— Ницше, Бланшо и Батай дали мне возможность освободиться от тех авторов, что определяли мое университетское образование в начале пятидесятых годов: от Гегеля и феноменологов. Заниматься философией тогда, как, впрочем, и сегодня, означало, в основном, заниматься историей философии; занятия философией ограничивались, с одной стороны, изучением теории систем Гегеля, а с другой — философии субъекта в виде феноменологии и экзистенциализма. По существу, преобладал Гегель. В некотором роде речь шла о недавнем для Франции открытии Гегеля под влиянием работ Жана Валя и наставлений Ипполита. Это было гегельянство, сильно пропитанное феноменологией и экзистенциализмом и сконцентрированное на теме несчастного сознания. И это было на самом деле лучшее из того, что французские университеты могли предложить в качестве формы для по мере возможности полного понимания современного мира, только что вышедшего из трагических переживаний Второй мировой войны и грандиозных предшествовавших ей переворотов: русской революции, фашизма и т. д. Если гегельянство представлялось способом рационального осмысления всего трагического, что было пережито поколением, непосредственно предшествовавшим нашему и что еще продолжало нам угрожать, то за пределами университета на пике популярности находился Сартр со своей философией субъекта. Располагаясь на скрещении университетской философской традиции и феноменологии, Мерло-Понти развивал экзистенциалистский дискурс в более узкой области: умопостигаемости мира и реального.
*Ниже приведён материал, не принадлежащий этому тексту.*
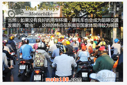 目前國內開始吸收歐美國家的摩托車文化,也有著一定發展空間,如果政策上能有個很好的引導,同時用車環境和駕駛者素質能夠進一步提升,這種輕便靈活的交通工具可能就不僅僅只是父輩的玩具,進而成為象征自由和激情的文化符號。

Именно на таком интеллектуальном фоне и сформировался мой выбор: с одной стороны, в отличие от моих преподавателей, не заниматься историей философии, а с другой — искать нечто совершенно отличное от экзистенциализма: таким стало прочтение Батая и Бланшо и, под влиянием их работ, Ницше. Что они значили для меня?
Прежде всего приглашение поставить под сомнение категорию «субъекта», его превосходство, его основополагающее значение. Затем убежденность в том, что подобная операция не будет иметь никакого смысла, если она ограничится одними размышлениями; поставить субъект под сомнение означало испробовать нечто такое, что ведет к реальному разрушению субъекта, к его распаду, подрыву, к его обращению в нечто совершенно отличное.
—
— Для меня политика предоставляла возможность получить опыт в духе Ницше или Батая. Для того, кому исполнилось двадцать лет сразу после Второй мировой войны и кто не был охвачен моралью войны, что могла представлять собой политика, если речь шла о выборе между Америкой Трумэна и СССР Сталина? Между дряхлым SFIO2
и христианской демократией? Быть буржуазным интеллектуалом, профессором, журналистом, писателем или кем-то еще в подобном мире было невыносимо. Опыт войны продемонстрировал нам необходимость и настоятельную потребность в обществе, радикально отличном от того, где мы жили. От того общества, которое допустило нацизм, склонилось перед ним, а затем полностью перешло на сторону де Голля. Реакцией большей части французской молодежи на все это было абсолютное отвращение. Хотелось обрести мир и общество не просто иные, но в которых мы сами стали бы другими; хотелось быть совершенно другим в совершенно ином мире. Поэтому гегельянство, преподаваемое нам в университете, с его моделью непрерывной умопостигаемости истории не было в состоянии удовлетворить нас, как, впрочем, и феноменология с экзистенциализмом, придерживающиеся примата субъекта и его основополагающей ценности. Тогда как, напротив, ницшеанская тема «разрывов», «сверхчеловека», совершенно отличного от человека, и далее у Батая — тема «пограничных переживаний», с помощью которых субъект выходит за пределы самого себя, разлагает самого себя как субъекта у пределов собственной невозможности, — такой основополагающей ценностью для нас обладали. Для меня это означало своего рода лазейку между гегельянством и философской самотождественностью субъекта.